Sanders rebounds! This game won't go down as the turning point in Larry Sanders' career, but he did do a few good things that were nice to see after his poor showing in the preseason finale last week. He threw down on rookie Bismack Biyombo and confidently stroked a jumper for a modest-but-perfect 2/2 shooting night and also snagged a couple of tough rebounds in traffic--something I'd normally ignore if not for the fact that I'm always harping on Sanders' terrible rebounding numbers. Baby steps?

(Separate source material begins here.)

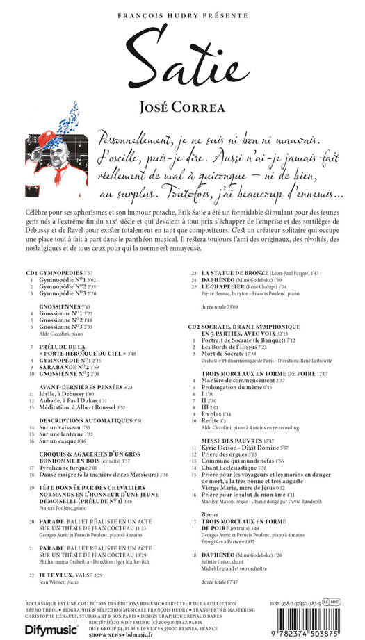 La biographie de Erik Satie par François Hudry, illustrée par José Correa et accompagnée de 2 compacts discs
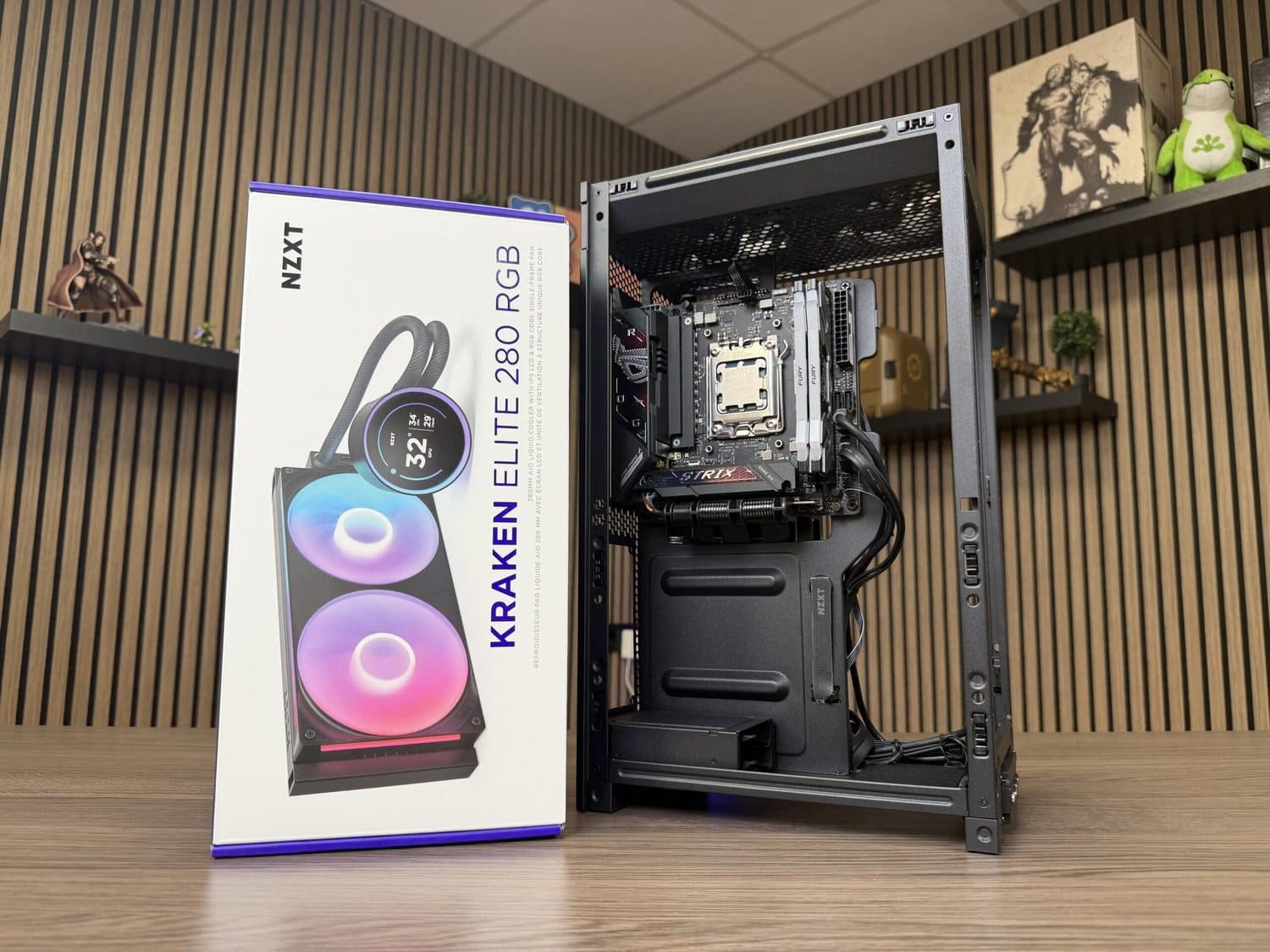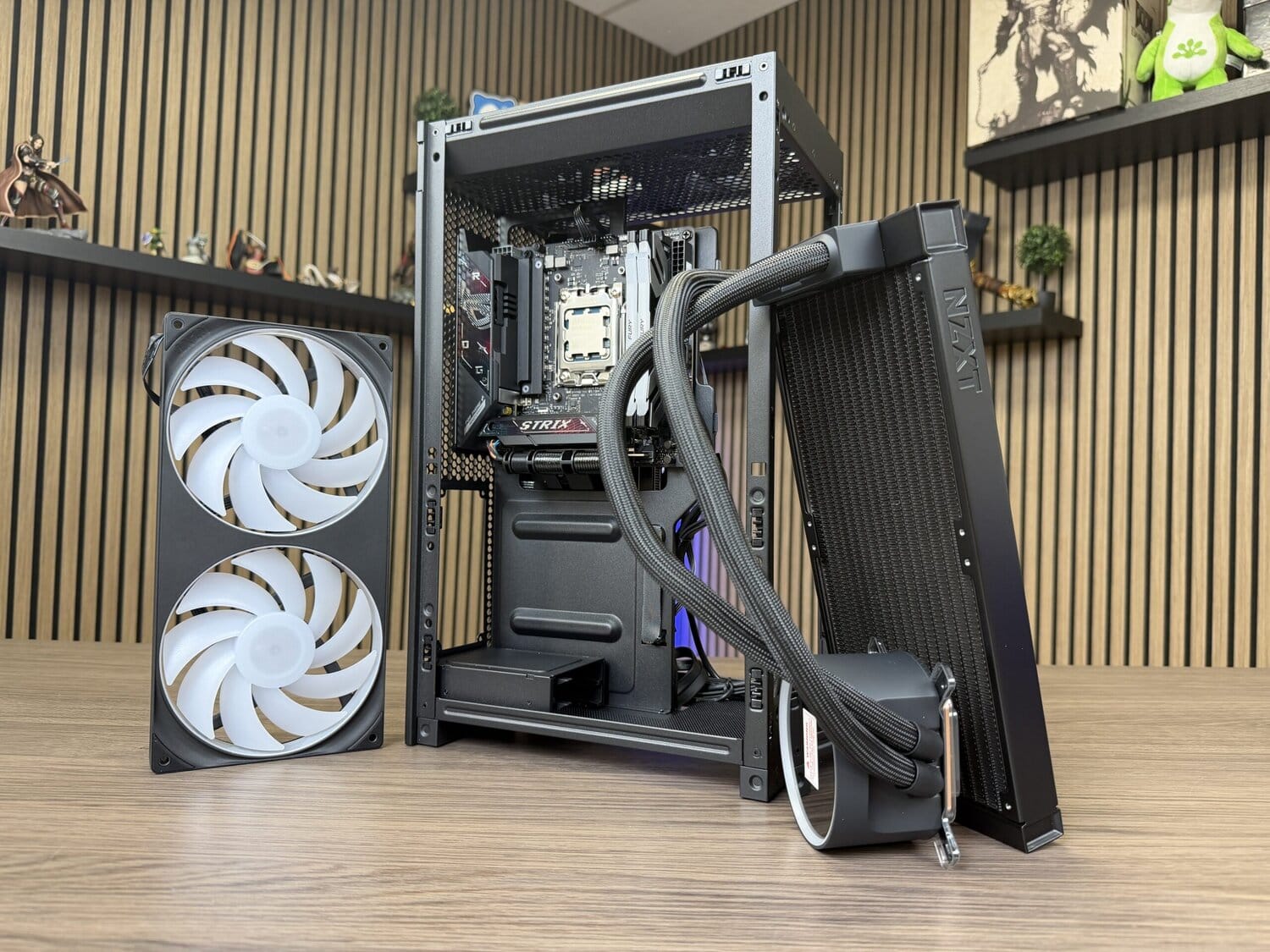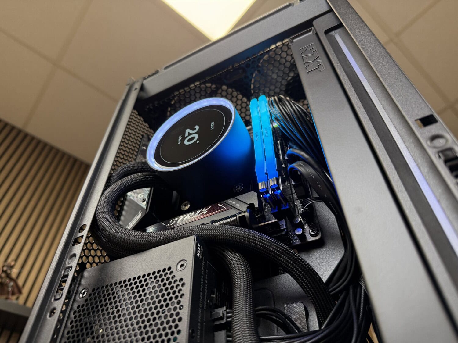 Wel hadden we wat moeite om de Kraken Elite 280 RGB te plaatsen, aangezien deze in de weg kwam te zitten met de moederbordtray aan de bovenzijde. We hebben de bracket 180 graden gedraaid, waarna deze met extra aandacht goed op zijn plaats kwam. Dit is overigens de enige belemmering die we kunnen opmerken tijdens het bouwen.

No Jack. Stephen Jackson couldn't have had a more irrelevant debut, managing just 18 ineffective minutes before fouling out midway through the fourth. Even Jackson's six points were of the dubious variety, the first three coming on a questionable foul call and his only field goal a banked three that he followed up with an airball. The Bucks likely would have lost by more if his foul trouble hadn't translated into extended burn for Livingston.
Third Quarter Collapse. The Bucks have their share of youngsters and new blood, but against a supposedly lesser club they simply can't afford to lay eggs like they did in the third. Milwaukee had the Bobcats on the ropes early in the period but couldn't deliver a knockout blow, instead seeing their offense stagnate and their defense suddenly incapable of finding a loose ball.
Must wins. There's no such thing as an opening night "must win," but the shortened season has made it all the more crucial that the Bucks not let winnable games slip through their fingers. Considering the challenging month of January ahead of them, the Bucks can ill afford to squander similar opportunities at home against the Wolves and Wizards.